Assigned task => Print every line of the listing below, starting with the line that holds "Spec | CAPTURE |" and going on through the line that holds "しーちゃん先生に来て頂き、字", both included, and print nothing else.

Material for this task =>
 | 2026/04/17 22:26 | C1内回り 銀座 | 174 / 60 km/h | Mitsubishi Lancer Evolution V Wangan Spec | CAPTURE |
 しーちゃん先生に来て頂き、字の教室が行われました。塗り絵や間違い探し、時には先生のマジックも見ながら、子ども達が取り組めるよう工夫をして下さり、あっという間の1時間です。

---

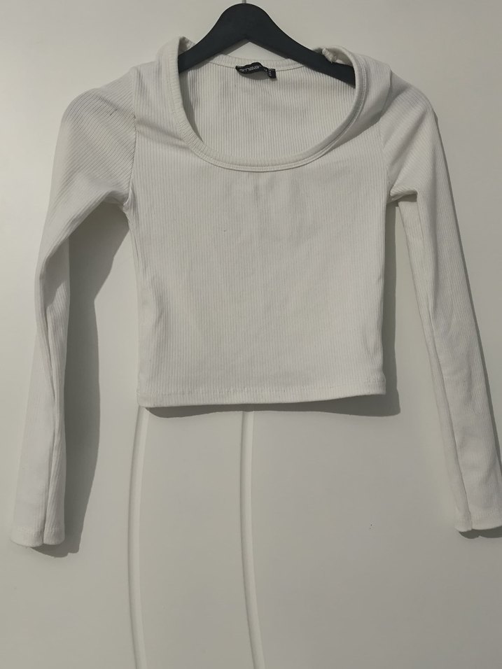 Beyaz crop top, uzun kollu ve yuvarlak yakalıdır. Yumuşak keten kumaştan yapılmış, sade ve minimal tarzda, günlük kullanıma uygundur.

---

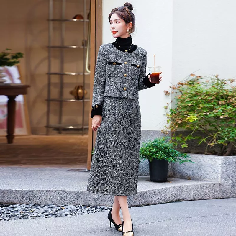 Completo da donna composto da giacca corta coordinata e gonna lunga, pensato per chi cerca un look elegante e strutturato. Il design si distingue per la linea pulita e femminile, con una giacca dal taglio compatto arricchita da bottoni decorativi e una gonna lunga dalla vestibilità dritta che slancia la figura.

Solution for this problem =>
 | 2026/04/17 22:26 | C1内回り 銀座 | 174 / 60 km/h | Mitsubishi Lancer Evolution V Wangan Spec | CAPTURE |
 しーちゃん先生に来て頂き、字の教室が行われました。塗り絵や間違い探し、時には先生のマジックも見ながら、子ども達が取り組めるよう工夫をして下さり、あっという間の1時間です。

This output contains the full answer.